● Entries shown:
-- Opening Marker --
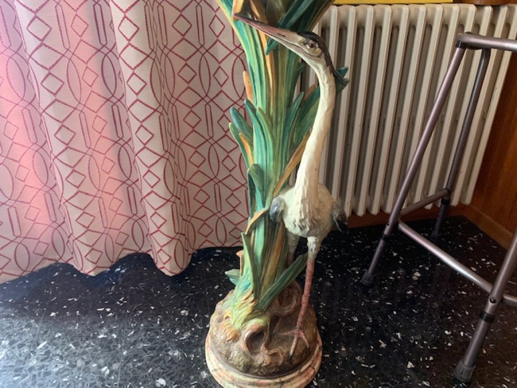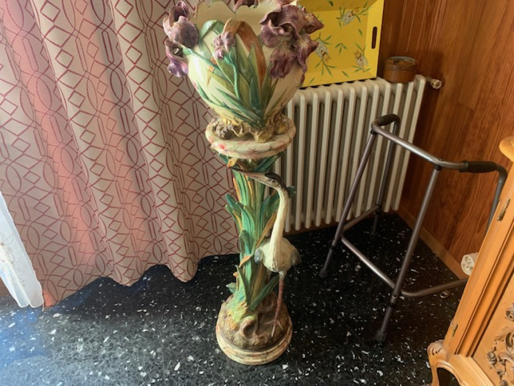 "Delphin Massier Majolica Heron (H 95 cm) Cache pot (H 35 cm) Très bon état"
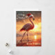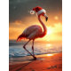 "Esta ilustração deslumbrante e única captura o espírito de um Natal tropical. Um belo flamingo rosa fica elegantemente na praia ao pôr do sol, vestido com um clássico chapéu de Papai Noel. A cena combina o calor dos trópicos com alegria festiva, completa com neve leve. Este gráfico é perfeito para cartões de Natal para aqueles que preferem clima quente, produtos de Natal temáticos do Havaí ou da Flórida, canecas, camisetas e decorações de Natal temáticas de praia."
-- Closing Marker --
-- Opening Marker --
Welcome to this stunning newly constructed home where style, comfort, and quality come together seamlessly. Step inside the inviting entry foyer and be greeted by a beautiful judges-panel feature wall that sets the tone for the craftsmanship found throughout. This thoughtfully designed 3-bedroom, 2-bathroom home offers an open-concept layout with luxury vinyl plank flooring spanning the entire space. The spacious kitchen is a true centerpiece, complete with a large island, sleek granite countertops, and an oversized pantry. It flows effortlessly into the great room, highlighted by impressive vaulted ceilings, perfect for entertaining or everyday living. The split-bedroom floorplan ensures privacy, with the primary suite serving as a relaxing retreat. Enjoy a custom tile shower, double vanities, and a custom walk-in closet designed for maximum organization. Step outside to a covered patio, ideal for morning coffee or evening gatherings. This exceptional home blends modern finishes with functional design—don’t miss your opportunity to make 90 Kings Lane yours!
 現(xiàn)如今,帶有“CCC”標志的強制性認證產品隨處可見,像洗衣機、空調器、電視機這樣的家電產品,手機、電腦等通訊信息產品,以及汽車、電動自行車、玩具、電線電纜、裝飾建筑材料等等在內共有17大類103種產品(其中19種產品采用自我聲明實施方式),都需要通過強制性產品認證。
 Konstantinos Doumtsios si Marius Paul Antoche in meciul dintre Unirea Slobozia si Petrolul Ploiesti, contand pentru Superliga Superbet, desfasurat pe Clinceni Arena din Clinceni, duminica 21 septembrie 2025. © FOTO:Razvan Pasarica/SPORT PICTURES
-- Closing Marker --
● What to work on: Each line in the entries above, starting at the line with "Welcome to this" and ending at the line with "Konstantinos Doumtsios si", is to be printed exactly, and only those lines.

● Solution for this task:
Welcome to this stunning newly constructed home where style, comfort, and quality come together seamlessly. Step inside the inviting entry foyer and be greeted by a beautiful judges-panel feature wall that sets the tone for the craftsmanship found throughout. This thoughtfully designed 3-bedroom, 2-bathroom home offers an open-concept layout with luxury vinyl plank flooring spanning the entire space. The spacious kitchen is a true centerpiece, complete with a large island, sleek granite countertops, and an oversized pantry. It flows effortlessly into the great room, highlighted by impressive vaulted ceilings, perfect for entertaining or everyday living. The split-bedroom floorplan ensures privacy, with the primary suite serving as a relaxing retreat. Enjoy a custom tile shower, double vanities, and a custom walk-in closet designed for maximum organization. Step outside to a covered patio, ideal for morning coffee or evening gatherings. This exceptional home blends modern finishes with functional design—don’t miss your opportunity to make 90 Kings Lane yours!
 現(xiàn)如今,帶有“CCC”標志的強制性認證產品隨處可見,像洗衣機、空調器、電視機這樣的家電產品,手機、電腦等通訊信息產品,以及汽車、電動自行車、玩具、電線電纜、裝飾建筑材料等等在內共有17大類103種產品(其中19種產品采用自我聲明實施方式),都需要通過強制性產品認證。
 Konstantinos Doumtsios si Marius Paul Antoche in meciul dintre Unirea Slobozia si Petrolul Ploiesti, contand pentru Superliga Superbet, desfasurat pe Clinceni Arena din Clinceni, duminica 21 septembrie 2025. © FOTO:Razvan Pasarica/SPORT PICTURES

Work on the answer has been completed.